Federation Guides › Legacy Federation Guide › Configure a SAML 1.x Producer › Setting Up Sessions for a SAML Affiliate Agent Consumer (optional)

Setting Up Sessions for a SAML Affiliate Agent Consumer (optional)

To configure sessions for a site using the SAML Affiliate Agent as the consumer, be aware of the following information:

• Session management is configured only if the SAML Affiliate Agent is acting as a SAML consumer. The SAML credential collector does not support this feature.
• The SAML Affiliate Agent does not support the SAML POST profile. Sessions can only be used with the SAML artifact profile.

Session management between a producer and a SAML Affiliate Agent can be handled in one of three ways:

Default

Producer and SAML Affiliate Agent maintain separate sessions.

Both the producer and the SAML Affiliate Agent establish sessions for the user. If a user idles out or the user reaches a timeout at the producer, the SAML Affiliate Agent is not notified. The same is true for a session that expires at the SAML Affiliate Agent.

Active

An active session is required at the producer.

Both the producer and SAML Affiliate Agent establish sessions. An active session is required at the producer for the SAML Affiliate Agent session to stay active. Producer sessions can remain active after a SAML Affiliate Agent session is terminated.

Shared

Producer and SAML Affiliate Agent maintain shared sessions.

If the SAML Affiliate Agent has implemented a shared-session model, the producer and the SAML Affiliate Agent can maintain a shared session. If the producer session expires or the user logs out at either site, the producer or the SAML Affiliate Agent terminate the sessions.

Note: For more information about session management, see the SAML Affiliate Agent Guide.
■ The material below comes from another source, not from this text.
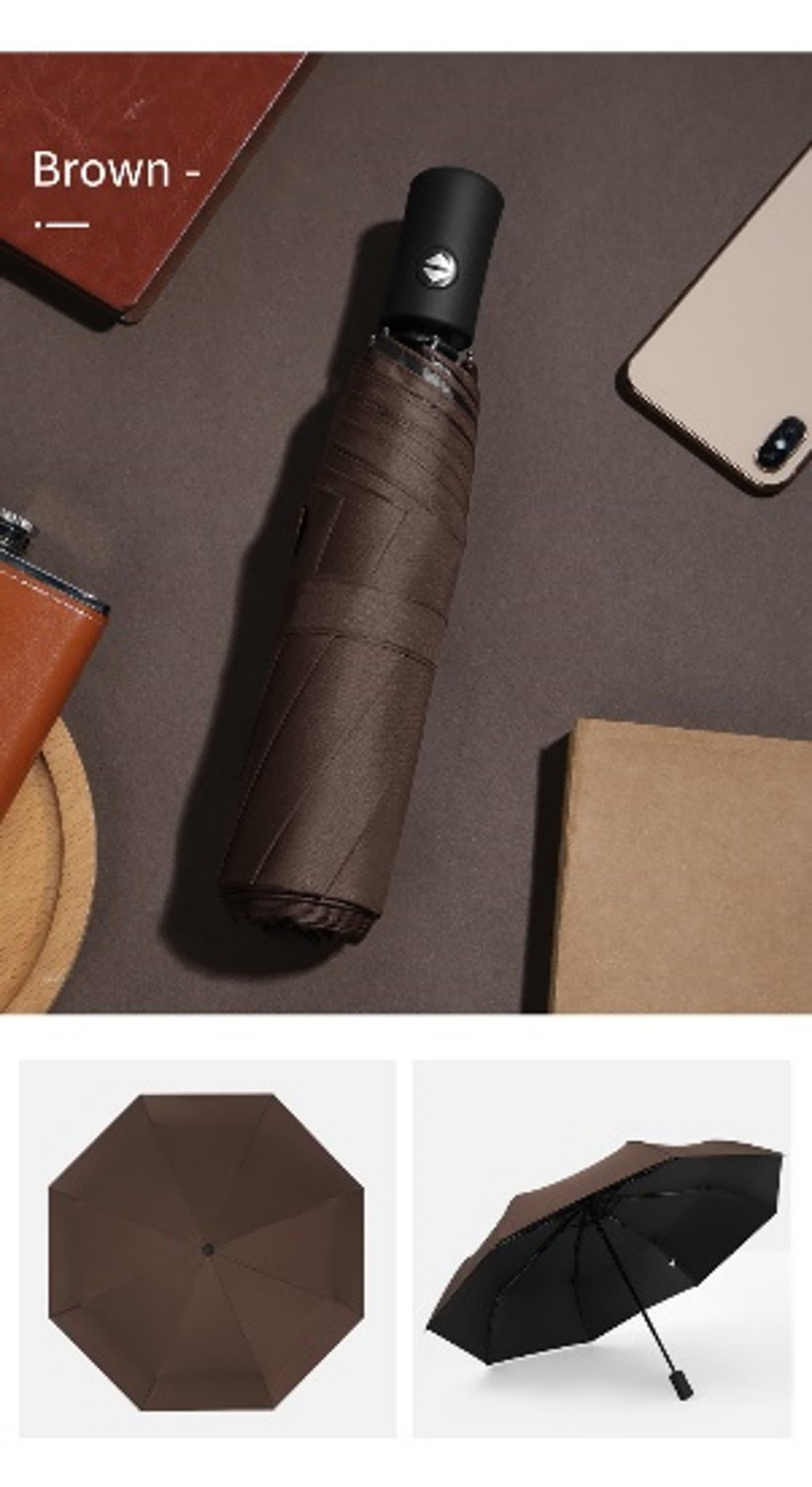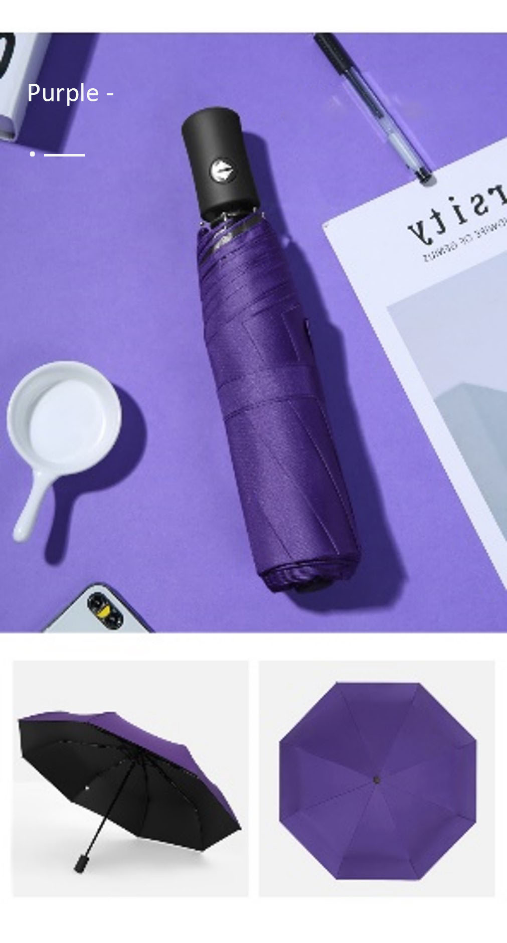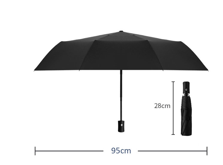 The three-folding automatic folding umbrella is a remarkable and highly convenient product. Design and Function: This umbrella features a three-folding pattern, which makes it extremely portable and easy to store. With an open diameter of 95cm, it provides extensive coverage, keeping you well-protected from rain or harsh sunlight. The pongee fabric is not only soft to the touch but also highly durable and water-resistant, ensuring that you stay dry in wet weather conditions. Handle and Construction: The plastic handle is ergonomically designed for a comfortable grip. It is lightweight yet sturdy, making it easy to hold and maneuver. The iron shaft and ribs give the umbrella excellent stability and strength. They are designed to withstand strong winds without bending or breaking, providing reliable protection in all kinds of weather. The plastic tips at the ends of the ribs add an extra layer of safety and prevent any accidental damage. Automatic Opening Feature: One of the standout features of this umbrella is its fully-automatic opening mechanism. With just the push of a button, the umbrella springs open instantly, saving you time and effort. This is especially useful when you need to quickly open the umbrella in a hurry, such as when caught in a sudden rain shower. Versatility and Style: This three-folding automatic umbrella is suitable for a wide range of occasions, from daily commutes to outdoor activities. It comes in a variety of colors and designs, allowing you to choose one that matches your personal style. Whether you prefer a classic look or a more trendy design, there is an option for everyone. In conclusion, the three-folding automatic folding umbrella is a must-have accessory for anyone who values convenience, durability, and style. With its superior design, high-quality materials, and automatic opening feature, it offers reliable protection and ease of use. Whether you're heading to work, running errands, or going on an outdoor adventure, this umbrella is sure to keep you dry and comfortable.

Configure a Default or Active Session Model

For the Default and Active session models, no specific configuration is required at the Producer. The configuration takes place at the SAML Affiliate Agent.

Configure a Shared Session Model

Shared sessions require a few steps to configure.

Follow these steps:

1. Navigate to Assertion settings.
2. Select the Shared Sessioning check box in the Session section.
3. Enter a value in the Sync Interval Second(s) field.

Sharing session information between the Producer and the SAML Affiliate Agent is enabled.

More Information:

Set the Sync Interval for Shared Sessions

Set the Sync Interval for Shared Sessions

The sync interval defines the frequency at which the SAML Affiliate Agent contacts the producer to validate session status. The SAML Affiliate Agent learns the value of the sync interval from the assertion.

The sync interval helps ensure that the information at the session store and the information in the SAML Affiliate Agent is synchronized. For example, imagine that the sync interval is 2 minutes, and the user logs out at the producer at 4:00PM. The consumer session cookies do not become invalid until 4:02PM.

Note: The SAML Affiliate Agent does not automatically contact the producer only because of the value of the sync interval. The user has to be active at the consumer--that is, the user is requesting consumer resources.

Two factors affect the value of Sync Interval:

• If the value of Sync Interval is too small, the SAML Affiliate Agent keeps calling the session store. The continual calls slow down performance.
• The value must not be larger than 1/2 the lowest Idle Timeout Enabled value that is set for the realm where the user logs in. The Idle Timeout Enabled field is part of the session configuration for the realm.

Note: If the user visits the SAML Affiliate Agent before logging in at the producer, the user is redirected to a URL at the producer. This URL is referred to as the PortalQueryURL.